Values Extract

1 Raster Data

Raster Data is actually a kind of Sample data of a area, the area will be divided in regular grids (equally sized rectangles). The typical raster data like elevation is already the most important data for many spatial-based research fields. The raster form is also the important form for meteorological data, in order the area-value (e.g. Temperature and Presentation) to represent. But for the application e.g. in the Hydrology need we some statistical values for specific research regions, especially the Average.

Therefore we need the operate EXTRACT.

1.1 Extract from Raster

The basic Data are like:

The example Data
  • two Raster data
  • two Regions shape files

For the operate EXTRACT, we need basically the raster data and the regions (shape files). Before this we must confirm that, the both data are in the same CRS (coordinate reference system).
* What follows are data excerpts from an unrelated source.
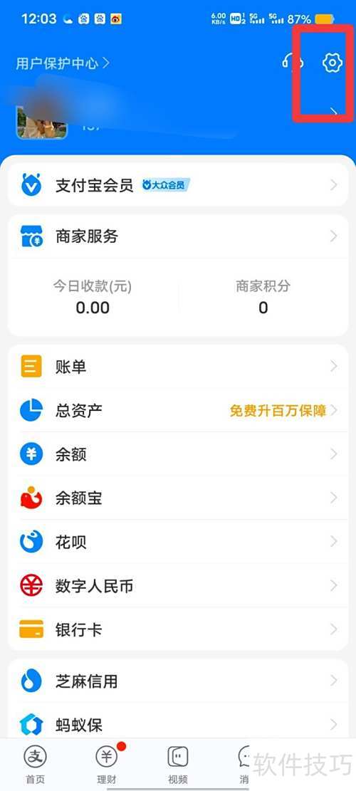 1、 打开支付宝,进入我的页面,点击右上角设置选项。
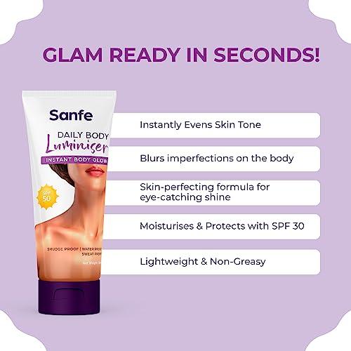 • EFFECTIVE RESULTS: Instantly achieve a radiant body glow with Sanfe Daily Body Luminiser a transformative formula that leaves your skin looking luminous and glowing. With the added benefit of SPF50 protection it shields your skin from harmful sun rays.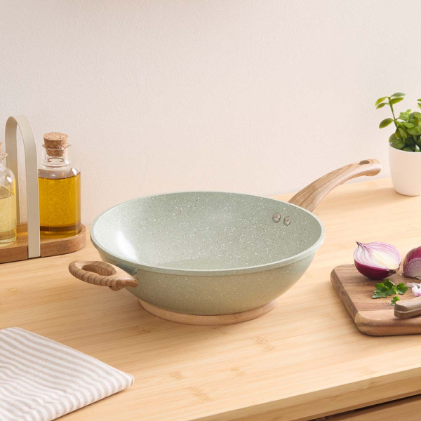 - Poids : Avec seulement 0,8 kg, ce wok est facile à manipuler, tandis que l’aluminium assure une répartition rapide et uniforme de la chaleur.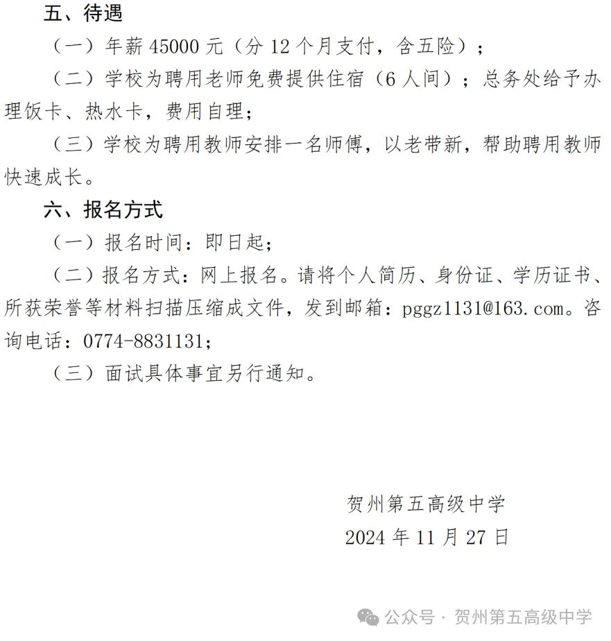 賀州第五高級中學2024年秋季學期招聘教師公告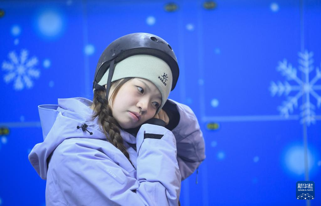 一名女子在绍兴乔波冰雪世界戴头盔准备进入雪场(12月24日摄)。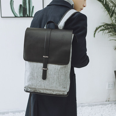 Стилна мъжка раница в сив цвят с черни кожени елементи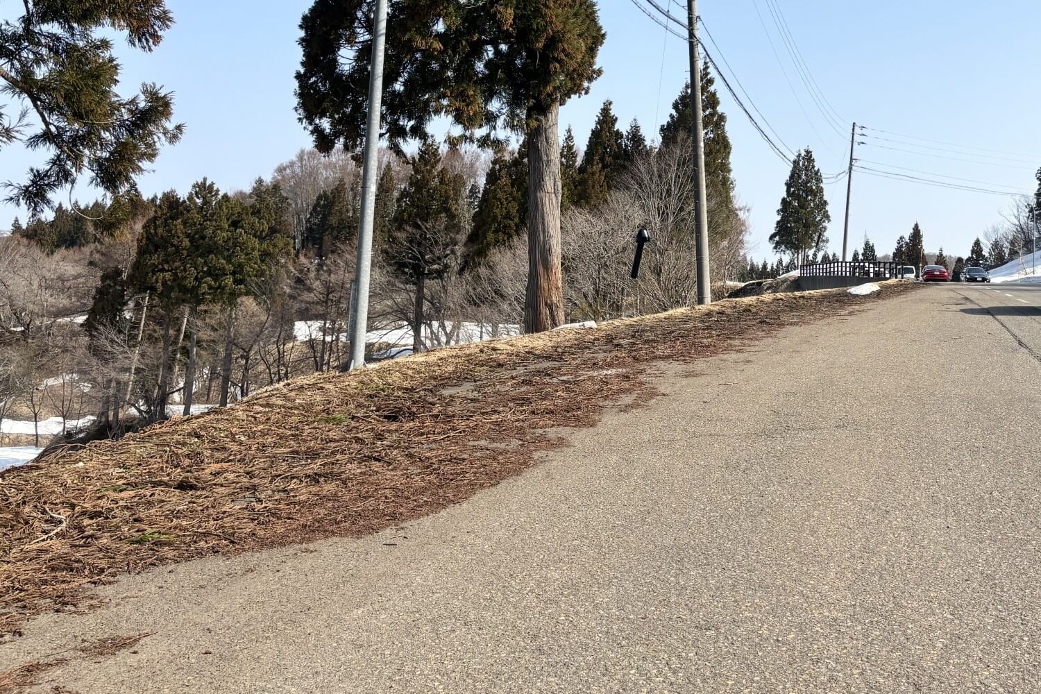 棚田が見下ろせる路肩に雪は無く、車を置くことができました。雪が消えるとこの場所に駐車する車両が増え、また残念なことに置いて行かれるゴミも増えます。撮影に行った時間には、地元と思われる方がゴミ拾いをされていました。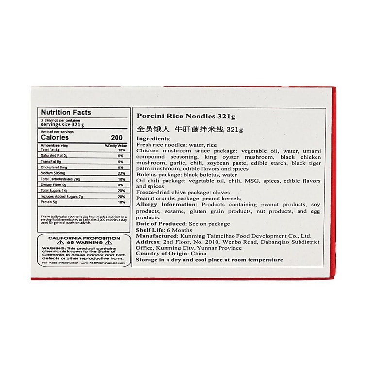 全员饿人 牛肝菌拌米线 正宗干拌云南米粉 321g【厚切牛肝菌 猛火鸡枞酱】【过瘾6包料】【亚米独家】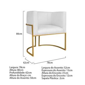 Kit Divã Luna 160cm Lado Direito E 02 Poltronas Base De Ferro Dourado Suede Branco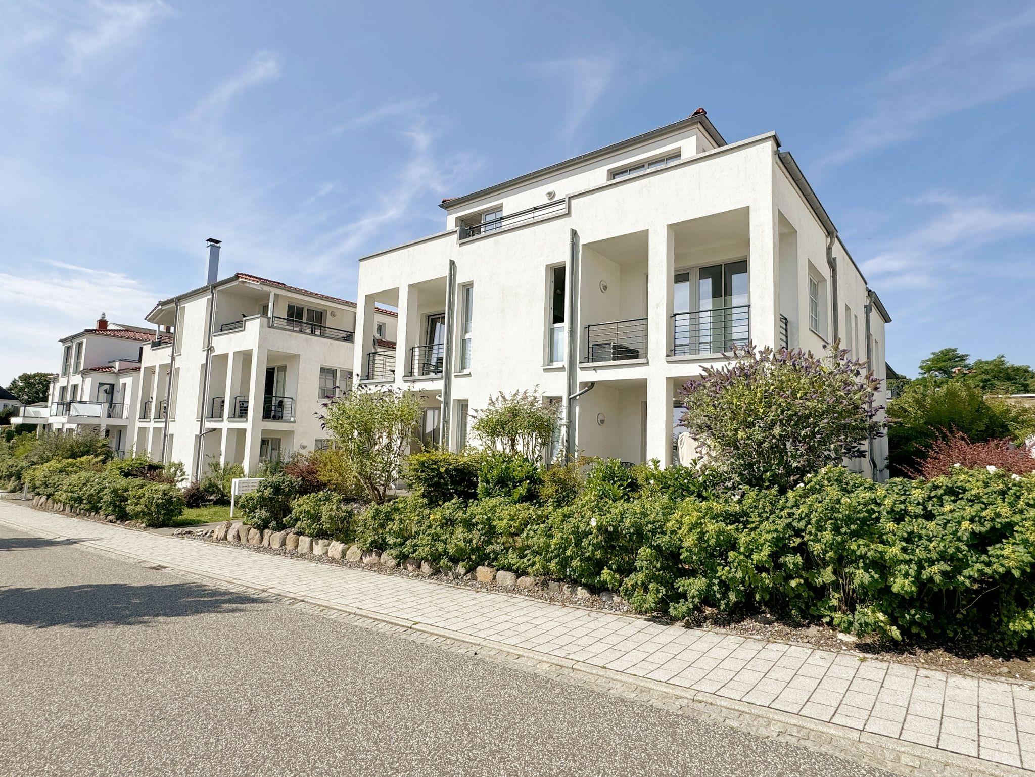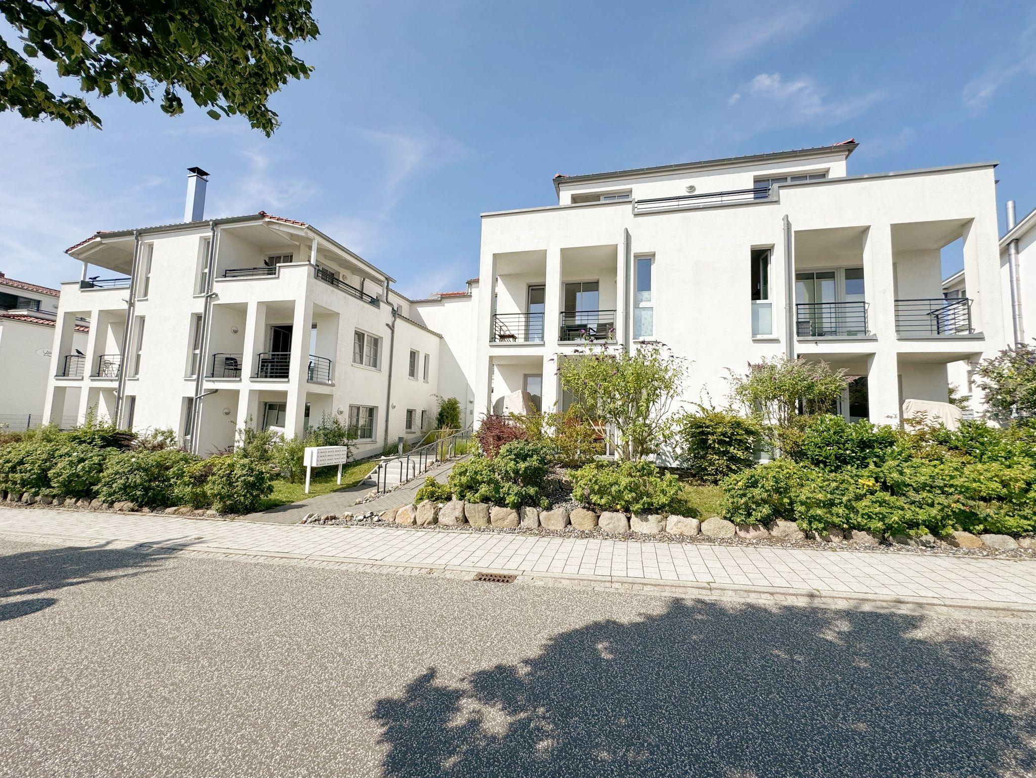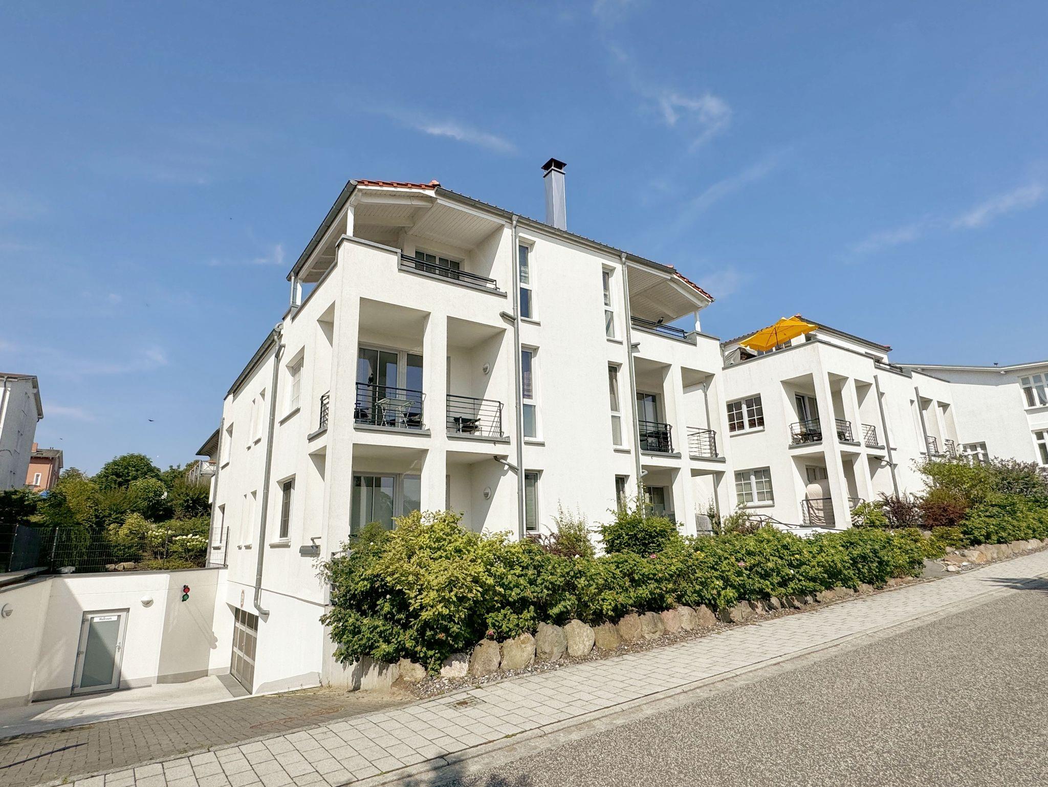 Die weiße Villa in der Lindenstrasse fällt auf im Ortsbild von Göhren: keine vorgehängten Holzbalkone, keine Schnörkel, klare Linien - Villa Antje interpretiert Bäderarchitektur im Stil unserer Zeit, außen wie innen. Komfort und Qualität zeigen sich bei den verwendeten Baumaterialien, an der Tiefgarage wie am Fahrstuhl und letztlich auch an der Lage: Bäcker, Einkaufsmöglichkeiten und Restaurants liegen gleich vor der Tür, zum romantischen Südstrand gehen Sie kaum zehn Minuten und um die Ecke finden sich die schönsten Aussichtspunkte mit weitem Blick über die Halbinsel Mönchgut.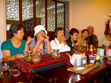 ![]() 中国茶聞茶体験*チャイナドレスさんの話術は軽快明朗でつい・買っちやいました。Tシャツがマッチング〜! |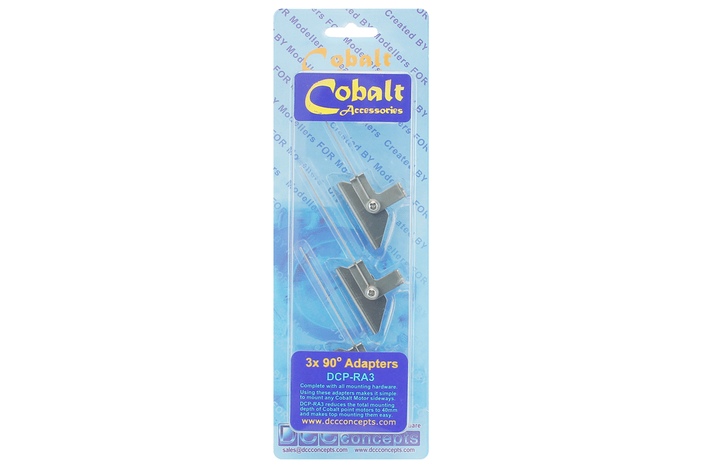 The Cobalt right-angle adapter will allow you to install your Cobalt motors horizontally, reducing installation height from 67mm to just under 40mm. With the addition of a small wooden spacer (height will depend on your roadbed thickness), it will also allow easy “above board mounting” of Cobalt motors for areas where space below the track-bed is not available.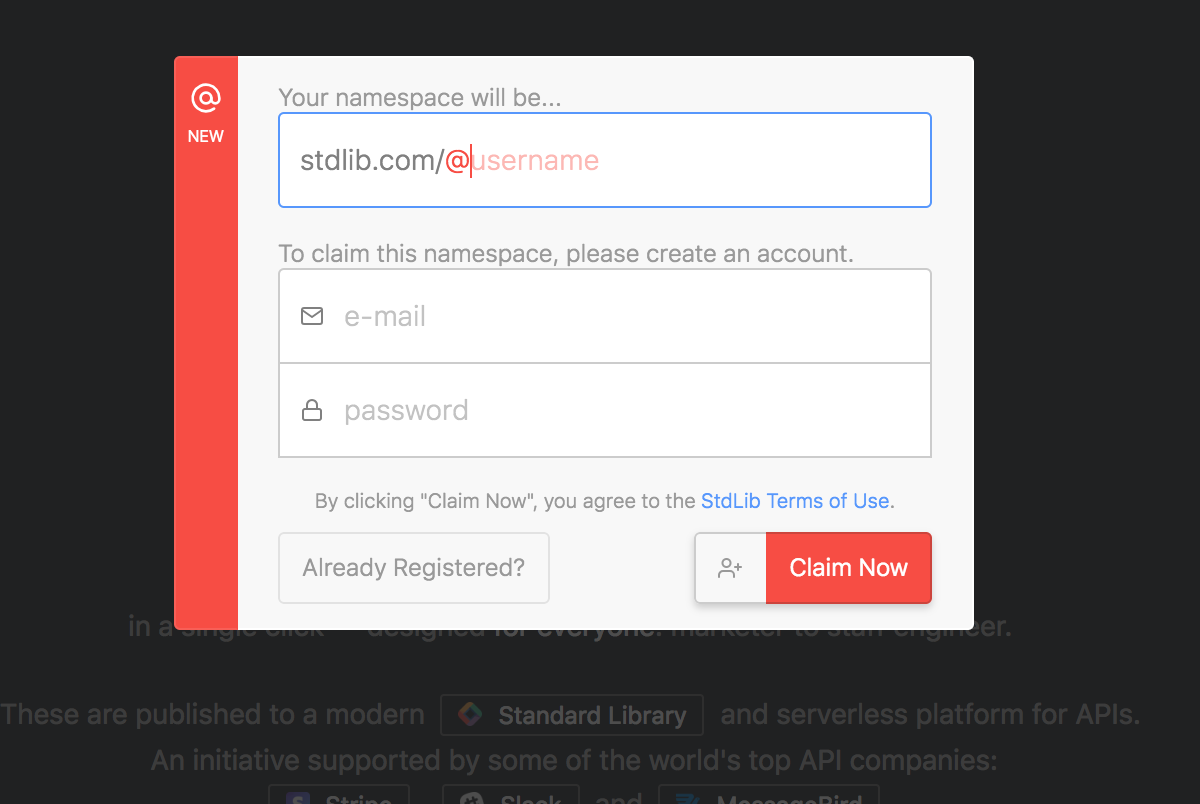 On the upper right corner of Code on Standard Library click (sign in). If you have a Standard Library account click Already Registered and sign in using your credentials. A module will pop up prompting you to claim a namespace (this is your username). Input your e-mail and choose a password.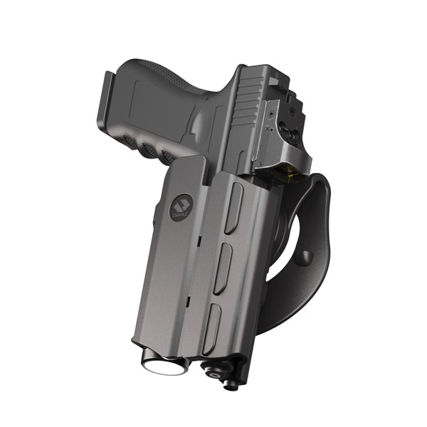Compatible with variety of pistols with mounted pistol lights, sights, & optics.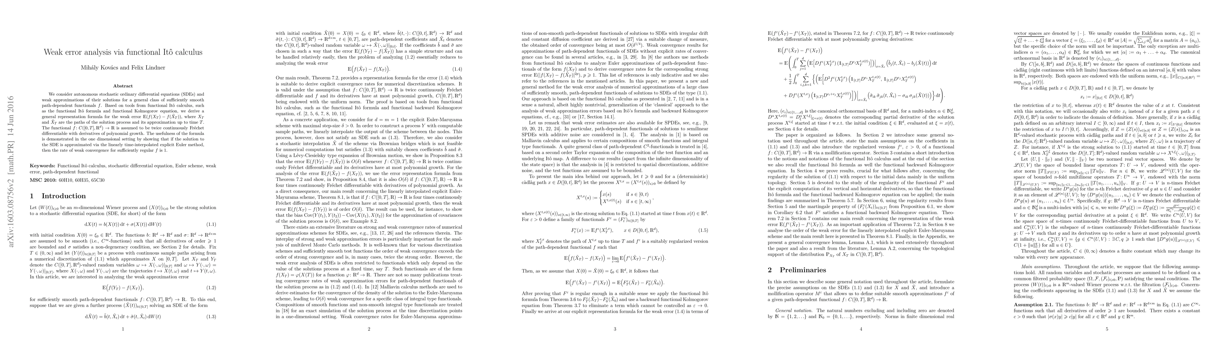 This paper develops a general representation formula for the weak error in approximating solutions of stochastic ordinary differential equations using functional Itô calculus. It demonstrates the formula's utility in one dimension, showing that linear time-interpolation of the explicit Euler method achieves a weak convergence rate of 1 for sufficiently smooth functionals.

In this Blog we discuss only the theories and ideas about EXTRACT. There will show total four methods:

1.1.1 Rough with original resolution

The first method we just use the original Raster with original resolution. But when the resolution not so fine, it will occur to that the selected grids have the big difference than the region. This is one very typical Problem in meteorological data, they have not so gut space resolution because the time resolution is always finer than the common geological data. In order to balance the data size, we must reduce the space resolution.

Illustration of Mask with “Touch” oder “Centerpoint”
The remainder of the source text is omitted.